The Rise of AI Assistants: From Personal Projects to Professional Tools
In the quiet hours of a Friday afternoon, Diego Oppenheimer receives an email that has become essential to his professional life. This weekly digest summarizes his meetings, inbox conversations, and calendar commitments, distilling a week’s worth of information into actionable insights. What makes this tool remarkable isn’t just its functionality, but its origin – Oppenheimer built it himself. The Seattle-based entrepreneur and former co-founder of Algorithmia created “Actionary” as a personal experiment to test whether he could still code after years away from hands-on development. With the help of AI coding assistants, he crafted what he humorously describes as 40,000 lines of “spaghetti code” that, despite its messiness, delivers substantial value. “It gives me a superpower,” Oppenheimer explains, highlighting how the tool remembers what he forgets and flags commitments he needs to address. His creation represents a growing trend of individuals and organizations offloading certain types of judgment and workflow to autonomous systems – software designed to analyze data, make recommendations, and sometimes act independently.
This emerging frontier of AI agents represents a significant shift in how we approach productivity and assistance. T.A. McCann of Pioneer Square Labs envisions a future where people might employ specialized agents for distinct tasks – travel planning, financial management, health coaching, and more – potentially coordinated by a higher-level AI functioning as a personal chief operating officer. The market reflects this vision, with projections showing growth from $3.3 billion this year to over $21 billion by 2030. Both enterprise giants like Microsoft and Salesforce and innovative startups are driving this expansion by embedding agents into workplace software. However, defining what constitutes a true “AI agent” remains contentious. Oppenheimer maintains that genuine agents require both autonomy and independent decision-making capabilities – a standard his own system doesn’t fully meet. “If you asked a marketing department, they would say, absolutely, this is fully agentic,” he notes with a hint of technical purism. “But if I stick to my AI nerd cred, is there autonomous decision-making? Not really.”
Seattle-based Read AI represents one of the companies exploring this technological frontier. Known for its AI meeting summarization and analysis tools, the company has raised over $80 million in funding and has been internally developing an AI executive assistant called “Ada.” CEO David Shim revealed that Ada can handle scheduling meetings and responding to emails – sometimes so quickly that the team has intentionally built in delays to make responses feel more natural to recipients. Shim has pushed the technology’s boundaries by giving Ada access to workplace data from various platforms and allowing it to autonomously answer investor questions about Read AI’s business. “It answers questions that I would not have the answer to right off the bat,” Shim notes, explaining that Ada draws from both his data and his team’s collective information.
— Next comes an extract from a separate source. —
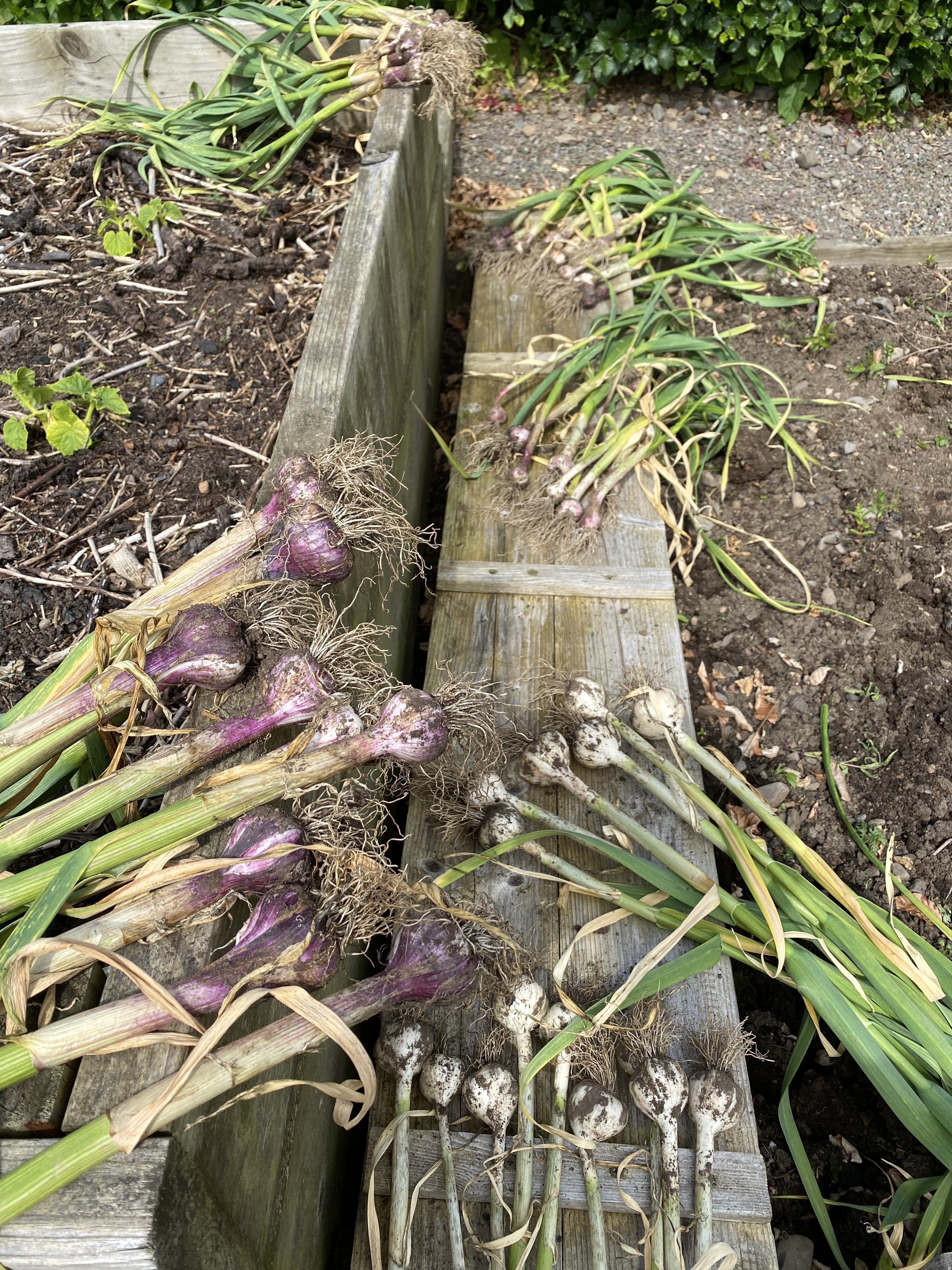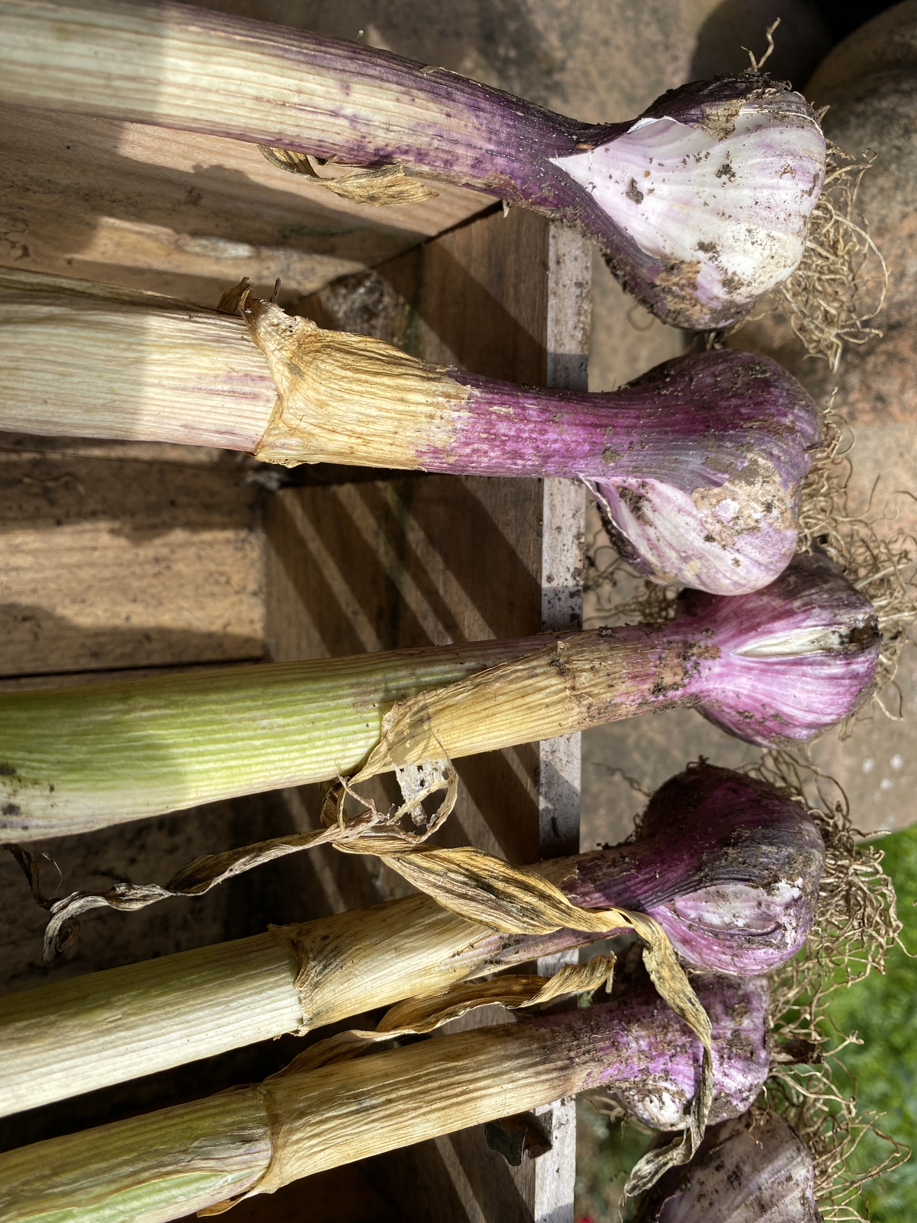 The plants seemed unperturbed by snow and frost and with the arrival of Spring 2022 they soon began to bulk up. When a flush of weeds came in May, I carefully removed them. But beyond that there was little to do but let the plants run their course. By the first week in June I could see that they had ceased to grow, some were starting to yellow, though none hinted at flowering. I dug one up and found a beautiful, firm purple bulb. It appeared the crop was ready for harvest.

However, Ada still struggles with complex multi-person scheduling and occasionally “hallucinates” information. To address these limitations, Read AI incorporates human oversight mechanisms, including “sidebars” where Ada requests confirmation before sending potentially sensitive replies.
The challenge of creating effective AI assistants becomes particularly evident when examining specific use cases like travel planning. Brad Gerstner, founder and CEO of Altimeter Capital, proposed a simple benchmark: can an AI agent book a specific hotel on a given date at the lowest price? “Until we can do that, we have not built a personal assistant,” Gerstner stated. This challenge was addressed by Otto, a startup focused on business travel assistance. When tasked with booking the Mercer Hotel in New York at the lowest rate, Otto successfully completed the task in about two minutes. The system’s sophistication comes from its architecture – rather than using a single monolithic model, it coordinates multiple specialized agents handling different aspects of the travel process. Otto learns detailed user preferences, from preferred amenities to loyalty programs, using this knowledge to refine searches and provide personalized recommendations. Interestingly, though the system could theoretically complete bookings autonomously, it confirms details with users before finalizing purchases – a precaution that founder Michael Gulmann describes as psychological rather than technical, acknowledging that most people aren’t yet comfortable with AI making purchases without their explicit approval.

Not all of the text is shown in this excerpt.